English socialite (1908–1997)

Joan Barbara Berry, Viscountess Camrose (née Yarde-Buller; 22 April 1908 – 25 April 1997), also known as Joan Guinness and Princess Taj-ud-dawlah Aga Khan, was an English socialite who was one of the Bright Young Things.

==Early life==
Joan Barbara Yarde-Buller was born on 22 April 1908. She was the eldest of six children born to John Yarde-Buller, 3rd Baron Churston, the aide-de-camp to the Viceroy of India, and Denise Orme, a former music hall singer. Among her siblings were brother, Richard Yarde-Buller, who became the 4th Baron Churston; sister Lydia Yarde-Buller, who became the Duchess of Bedford (wife of Ian Russell, 13th Duke of Bedford); and Primrose Yarde-Buller, who became the Countess Cadogan (wife of William Cadogan, 7th Earl Cadogan). After her parents’ divorce in 1928, her mother married Danish diplomat Tito Wessel. They too divorced and Denise married Edward FitzGerald, 7th Duke of Leinster.

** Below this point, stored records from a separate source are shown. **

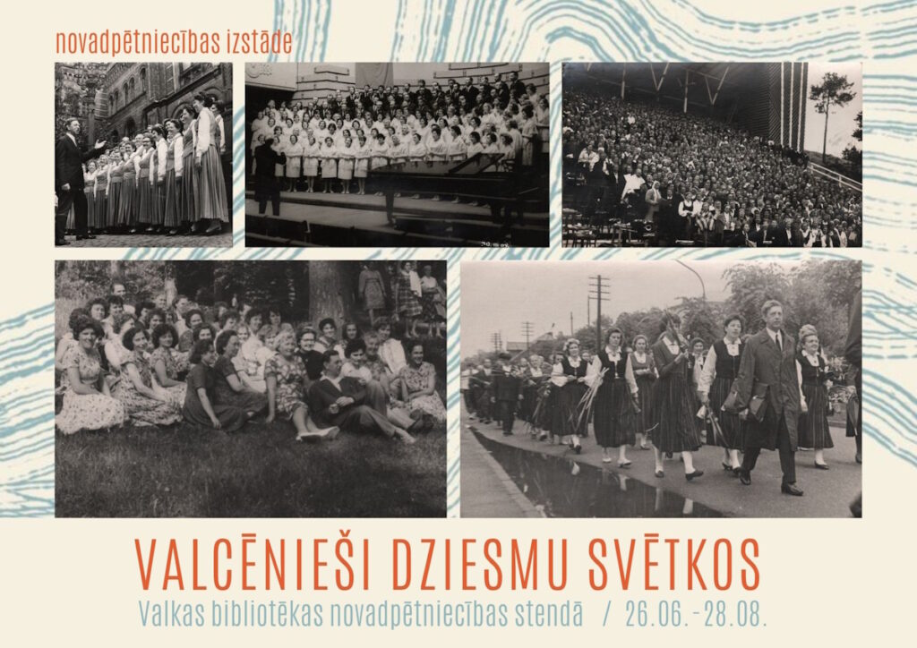 Tuvojoties Vispārējiem latviešu Dziesmu svētkiem no 26. jūnija Valkas bibliotēkas Pieaugušo literatūras nodaļā apskatāma novadpētniecības izstāde “Valcēnieši Dziesmu svētkos”. Ekspozīcijā – Valkas kora hronika, publikācijas, fotogrāfijas un dažādas piemiņas lietas – svētku programmiņas, nozīmītes u.c., kas ļaus ieskatīties valcēniešu gaitās agrāko laiku Dziesmu svētkos un noskaņoties lielākajiem kopā būšanas svētkiem.
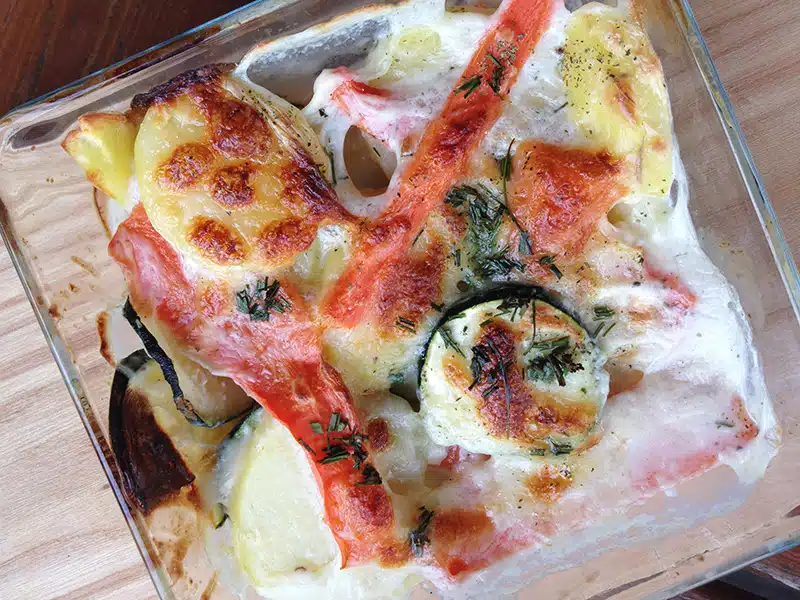 Im Sommer ist so ein Gemüse-Gratin genau das Richtige! V.a. kann man es vor der Trailrunning Tour vorbereiten und beim Heimkommen einfach in den Ofen schieben. währenddas Gratin im Ofen ist, hat man genug Zeit zum Duschen und Dehnen.
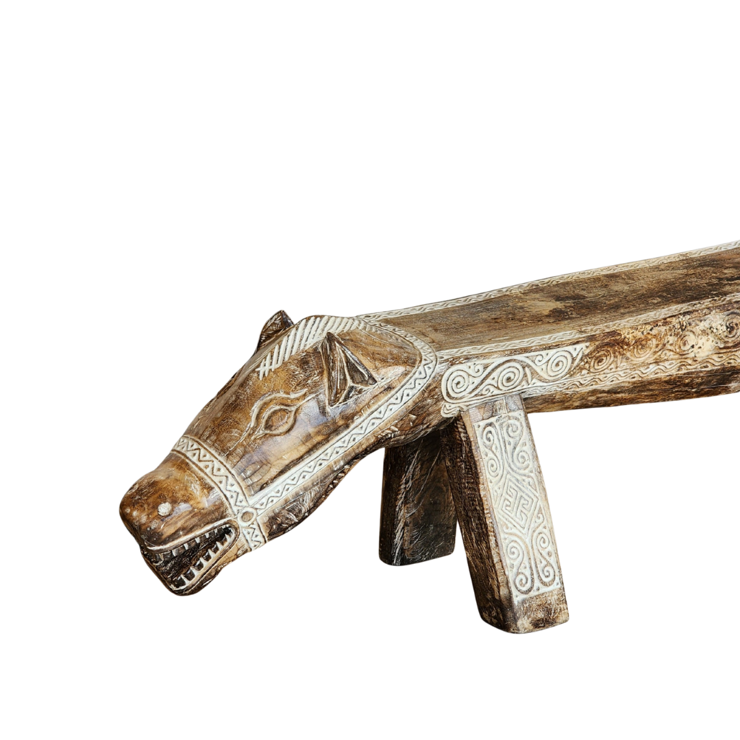 The Kuda Medium Horse Bench - Grey is a true masterpiece, perfect for adding both charm and practicality to your living space. Its generous size and elegant design make it ideal for hallways, living rooms, or covered outdoor areas, blending seamlessly with both modern and traditional interiors. Each Kuda Medium Horse Bench - Grey is meticulously handcrafted by skilled artisans, ensuring every piece carries its own story and cultural significance. This is more than furniture—it’s a timeless work of art.

Her father was the only son of John Yarde-Buller, 2nd Baron Churston, and Barbara Yelverton (the only child of Sir Hastings Yelverton and the 20th Baroness Grey de Ruthyn).

==Personal life==
On 4 July 1927, Joan married Loel Guinness, at St Margaret's, Westminster, in London. Guinness, a British Conservative Member of Parliament, was the only son of Irish lawyer Benjamin Seymour Guinness (of the Guinness brewing family) and his first wife, Bridget Henrietta Frances Williams-Bulkeley. They had one son:

- Patrick Benjamin Guinness (1931–1965), who married Baroness Dolores von Fürstenberg-Hedringen (1936–2012), his stepsister from his father's third marriage, on 22 October 1955 in Paris.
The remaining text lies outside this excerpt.